KRISTIN MYERS: Now I spoke with someone just last week who said the economic scars of this pandemic could last well into next year. And that Congress really can't just pat itself on the back and think that its job is done once this recovery really gets back going, especially now that we do have this vaccine. I'm wondering if you're also seeing it the same way. I believe that the phrase that he used was, "taking the punchbowl away from the party really before it got started." Do you see the economic recovery at risk if Congress either pulls support too soon or just doesn't, as you mentioned, give more aid that is necessary?
STEPHEN BRINCKS: So it depends on how quickly people return back to normal. So if we get the vaccine widely distributed, people take that, and they feel confident to go out and return to normal activities, then I think most economists are hoping for a pretty strong recovery. But of course, before we get there, we still have some very difficult times ahead.
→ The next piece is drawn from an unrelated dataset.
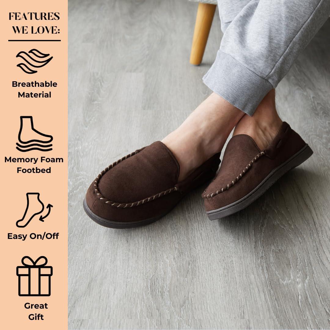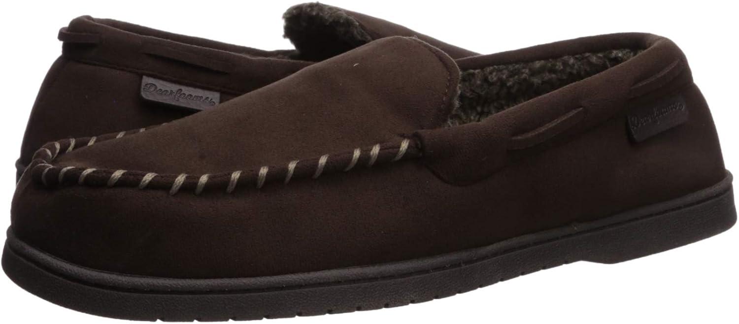 Dearfoams mens Keaton Memory Foam Indoor Outdoor Moccasin With Wide Widths Slipper(Chestnut Microsuede)

So in particular, as states are imposing more lockdowns, that's really what created the impetus for needing additional funds. So I think most economists, including the Federal Reserve, believe that there needs to be more fiscal stimulus implemented to make sure that we can get through this rough patch.
KRISTIN MYERS: All right. San Diego State University Finance professor, Dr. Stephen Brincks. Thanks so much for joining us today.
STEPHEN BRINCKS: Thank you. It was my pleasure.